Katy Hudson, como era originalmente conhecida, começou como cantora gospel antes de adotar Perry, o sobrenome de solteira da mãe, e fazer a transição para o pop secular. Com seu jeito kitshy with an edge, ela surgiu na cena em 2008 — começando no Wraped Tour, um festival que era reduto dos teen cool e roqueirinhos da época — e rapidamente obteve dois gigantescos hits, o provocativo I Kissed a Girl e a divertida Hot ‘n’ Cold. As duas músicas serviram como blueprint para toda a carreira futura de Katy: letras irreverentes e produções chiclete e pure pop feito pelo duo extraordinário Max Martin/Dr. Luke que se consolidaram como os maiores produtores daquele período.

O segundo álbum — um desafio para qualquer artista — serviu para confirmar KP como uma das maiores artistas do mundo. Com “Teenage Dream”, ela emplacou nada menos do que 5 hits gigantescos — todos alcançando o primeiro lugar nos EUA consecutivamente, um ato até então inédito.  Ambiciosa, Perry não poupou esforços para conseguir seu lugar no A-list da música, promovendo seu CD exaustivamente em todos os principais mercados e levando sua turnê para 5 continentes, com 127 apresentações no total. O período de promoção do álbum, que começou em maio de 2010, englobou um casamento, um divórcio, um relançamento (que deu origem a mais um número 1 nos EUA, a música Part of Me) e um filme documentário em 3D, e só terminou no outono americano de 2012.

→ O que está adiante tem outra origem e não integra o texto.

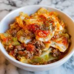This Crockpot Cabbage Roll Casserole is a comforting and hearty one-pot meal that captures all the flavors of traditional stuffed cabbage rolls without the hassle of rolling. Tender cabbage layers with savory ground beef, rice, and tomato sauce slow-cooked to perfection make for a delicious, easy-to-prepare dinner perfect for busy weeknights or cozy family meals.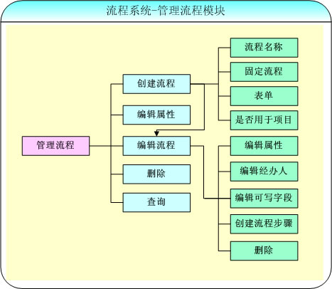 流程是工作流的核心,一切工作都是圍繞著流程來進(jìn)行。流程系統(tǒng)-管理流程模塊可以實(shí)現(xiàn)創(chuàng)建流程(包括新建流程步驟、經(jīng)辦人、編輯可寫字段等部分)、編輯流程、查詢流程等功能。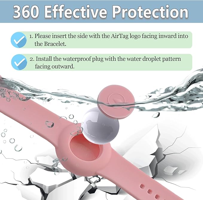 - 【Waterproof Design】There is a silicone waterproof plug on the back of the AirTag wristband, which can better completely wrap the AirTag. This design achieves better waterproof performance and is very suitable for outdoor activities such as swimming pools, beaches, and children's playgrounds (Note: It can be used for daily waterproofing, please do not soak in water for a long time)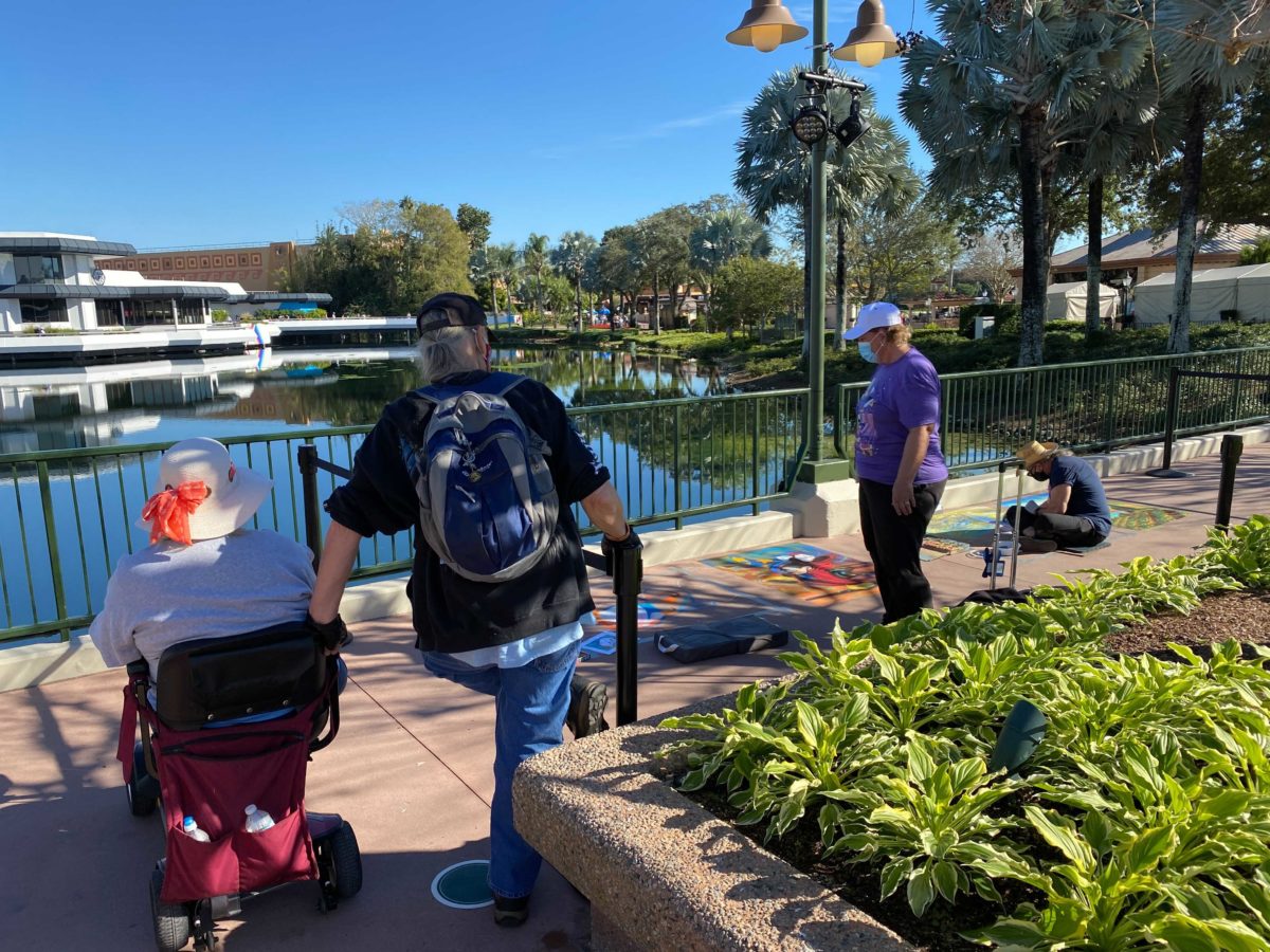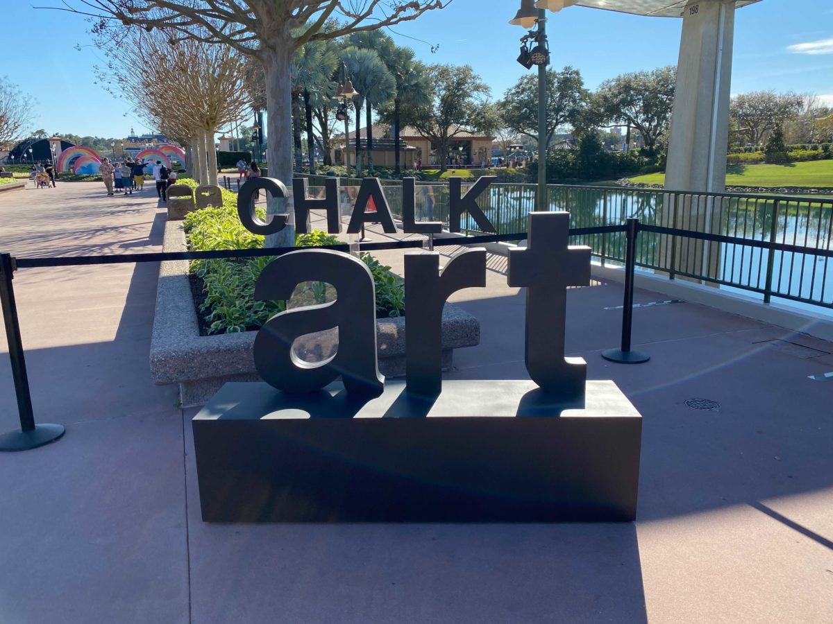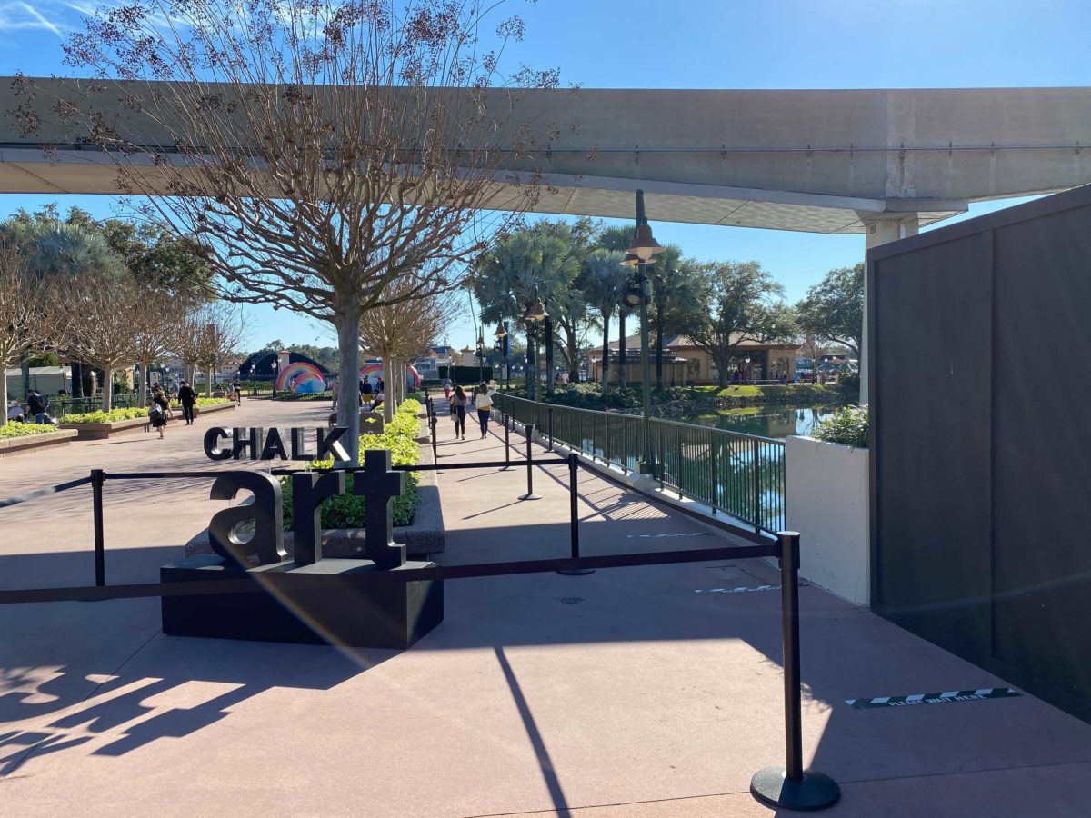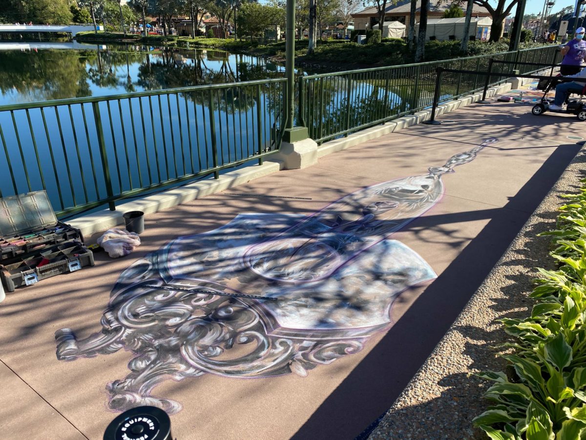 Near The EPCOT Experience, artists have begun drawing their intricate works of chalk art.

O CD seguinte, “Prism”, tinha a missão de confirmar que Katy estava aqui para o long run. Era um projeto tão importante que Dr. Luke — que tinha assinado um contrato de exclusividade com a Sony — conseguiu ser liberado para poder produzir o álbum junto à Max Martin apesar de ser um lançamento da concorrente, Universal.

Repetir o resultado de “Teenage Dream” era quase impossível mas, apesar de não ter alcançado o nível do antecessor, o terceiro CD cumpriu sua função, produzindo mais dois hits gigantescos e inescapáveis para Perry (Roar e Dark Horse), servindo de mote para a turnê mais bem sucedida e lucrativa da cantora e concluindo com algo reservado para pouquíssimos artistas: uma apresentação no evento mais importante dos EUA, o Super Bowl, assistido por mais de metade da população. Assim como no CD anterior, o período de atividade foi bem longo, começando no último quadrimestre de 2013 e finalizando apenas em outubro de 2015. Mas, diferente do antecessor, todos os dois número 1 de “Prism” aconteceram logo no começo do período de promoção. A era, por tanto, não foi sustentada por canções gigantescas — os subsequentes singles tiveram resultados pífios — mas sim pela tour de sucesso.

O presente

O primeiro sinal de que talvez as coisas não estivessem indo tão bem na terra de Katy foi o lançamento do buzz single Rise em julho de 2016. A música, que foi usada como tema para a transmissão das Olimpíadas nos EUA, o evento televisivo mais assistido do verão, ficou bem aquém as expectativas e passou despercebida.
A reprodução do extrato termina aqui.